2014 is a good time to be a comic book fan, for a variety of reasons. Superheroes are everywhere in popular culture, and have been for over a decade now. It seems you can’t throw a stone in Hollywood these days without hitting a comic book adaptation: Marvel Comics had four released this year alone. DC Comics have been preparing the world for the impending debuts of their new television shows Gotham, Constantine and The Flash, all ready to join the already hugely successful Arrow on the air. Add the buzz for the next Batman video game, Arkham Knight, and it’s clear that the general populace love superheroes almost as much as we hardcore fans do. But what of the industry that birthed these heroes to begin with? Naysayers have been decrying the death of the industry for years, but if anything, the comic book business in 2014 is in rude creative health and sales seem steady, with the advent of the digital comics market proving successful. Both DC and Marvel began grand movements in their universes a few years ago with The New 52 and Marvel Now respectively, focusing less on stories bound to years of continuity and more on innovative, invigorating storytelling. Image Comics have launched a genuine offensive against the big two publishers, with a number of critical and commercial hit creator-owned series’. There are also innumerable smaller independent publishers producing quality work, from Dark Horse to IDW to Boom! Studios to Oni Press and beyond. Creators such as Scott Snyder and Greg Capullo, with their generation defining Batman run, Rick Remender and Matteo Scalera with their science fiction odyssey Black Science and Dan Slott with his acclaimed Superior Spider-Man series are all creating the kind of scintillating material that will inspire and influence aspiring creators of the future. But what are the comics and creators that influenced them whenever they were fans and fledgling writers and artists? These are the 10 comics that changed everything and helped shaped the landscape of comics today.

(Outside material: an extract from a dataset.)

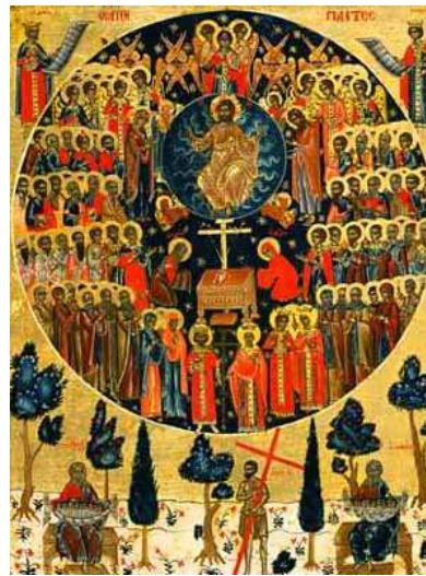
table catéchèse, vivante et proche de nous. Elle nous montre l'actualité de la Bonne Nouvelle et la présence agissante de l'Esprit Saint parmi les hommes. Témoins de l'amour de Dieu, ces hommes et ces femmes nous sont proches aussi par leur cheminement – ils ne sont pas devenus saints du jour au lendemain –, par leurs doutes, leurs questionnements... en un mot : leur humanité.

La vie de ces saints constitue une véri-

10. The Walking Dead (Image Comics)
The Walking Dead is not only a long running and massively successful comic book series, but a viable franchise in many different media forms. The television show, which first aired in 2010, is a ratings juggernaut for the AMC network, and the series has birthed a prequel series of prose novels. There have been two different video games, one based off the comic continuity and one set in the world of the TV show. Fans can also buy Walking Dead t-shirts and hoodies and action figures. Basically, The Walking Dead is a very big deal. Series writer Robert Kirkman couldn’t have had any conception of the future unprecedented success of his black and white zombie comic when it was first published by Image in 2003. Along with artists Tony Moore and Charlie Adlard, Kirkman wisely focussed the stories on the human survivors in this post apocalyptic world, as they fought and clawed every day to survive in a land overrun with ‘walkers’. The Walking Dead is influential not because it launched a thousand different zombie related imitators (although Kirkman did write Marvel Zombies in 2005), but rather that as Image Comics’ flagship title, the tremendous revenue generated from it can be funnelled into other creative ventures. Image may not have been able to produce so many quality series in 2014, from so many creators at the top of their games, if Kirkman’s zombie opus hadn’t hit so big. Kirkman himself is now a partner at the company and runs his own imprint, Skybound. Image is clearly on an upward trajectory, with many of their trade paperbacks routinely cracking The New York Times Best Seller lists for graphic fiction, and this sort of mainstream respectability might not have been possible without The Walking Dead.